Failure to Implement and Document Weekly Wound Assessments for Pressure Injuries
Penalty
Summary
A resident with a history of metabolic encephalopathy, hemiplegia, hemiparesis, and diabetes mellitus was admitted with a Stage 3 pressure injury on the sacrum and suspected deep tissue pressure injuries (SDTPI) on both heels. The care plan for these wounds required weekly assessments and documentation by the wound doctor (WMD) and treatment nurse (TN), including measurements of each wound and reporting of any changes to the medical doctor. The resident was identified as bedfast with limited mobility and a moderate risk for pressure sores, requiring significant assistance with daily activities. Despite these documented needs and care plan interventions, there was no evidence in the facility's records of weekly wound assessments or documentation by either the WMD or TN for the resident's pressure injuries. The TN admitted to forgetting to inform the WMD, resulting in missed weekly assessments on two occasions.

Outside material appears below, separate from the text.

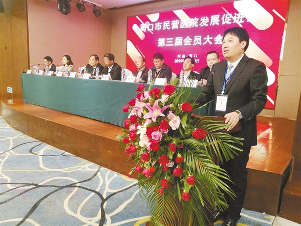 11月9日上午,周口市民营医院发展促进会举行第三届换届选举大会,选举产生了新一届领导班子,周口协和骨科医院张志平院长连任会长。图为张志平当选后作表态发言。记者 李伟 摄
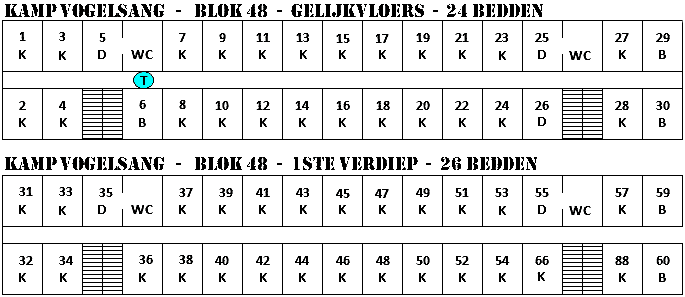 ![]() Blok 48 was een eenvoudig gebouw met 50 bedden in individuele kamers (K), 6 douches (D) , 4 toilettes, 4 bureaus (B) en één telefoon (T). Men ziet dat dit een logementsgebouw is voor de officieren aan de cremekleurige muren en de lichtblauwe deurstijlen. De officieren hebben een individuele kamer terwijl de militairen in grote slaapkamers verblijven. Omdat het zo typisch is voor de bouwstijl van de jaren 1950 zou het gebouw gebruikt kunnen worden als een klein legermuseum. Er bestaat tegewoordig geen informatie meer over wat de BSD de Belgische Strijdkrachten in Duitsland waren. Het is een stukje van de geschiedenis van België die verloren gaat. Het volstaat een paar beden te plaatsen, enkele bureaus neer te zetten, enkele krantenknipsels uit die tijd aan de muurt te hangen,... Tegenwoordig is het gebouw volledig leeg, in dezelfde staat als toen de militairen het kamp verlaten hebben. Het museum van de koude oorlog toont aan dat dit goed te realiseren is.

The Director of Nursing (DON) confirmed that there was no documentation of initial or weekly wound assessments as required by the care plan. Facility policies required regular risk assessments, ongoing evaluation of skin conditions, and documentation of interventions and their effectiveness. However, these protocols were not followed, as the resident did not receive the required weekly wound evaluations and documentation, nor were the wounds reported to the WMD for evaluation and management as outlined in the care plan.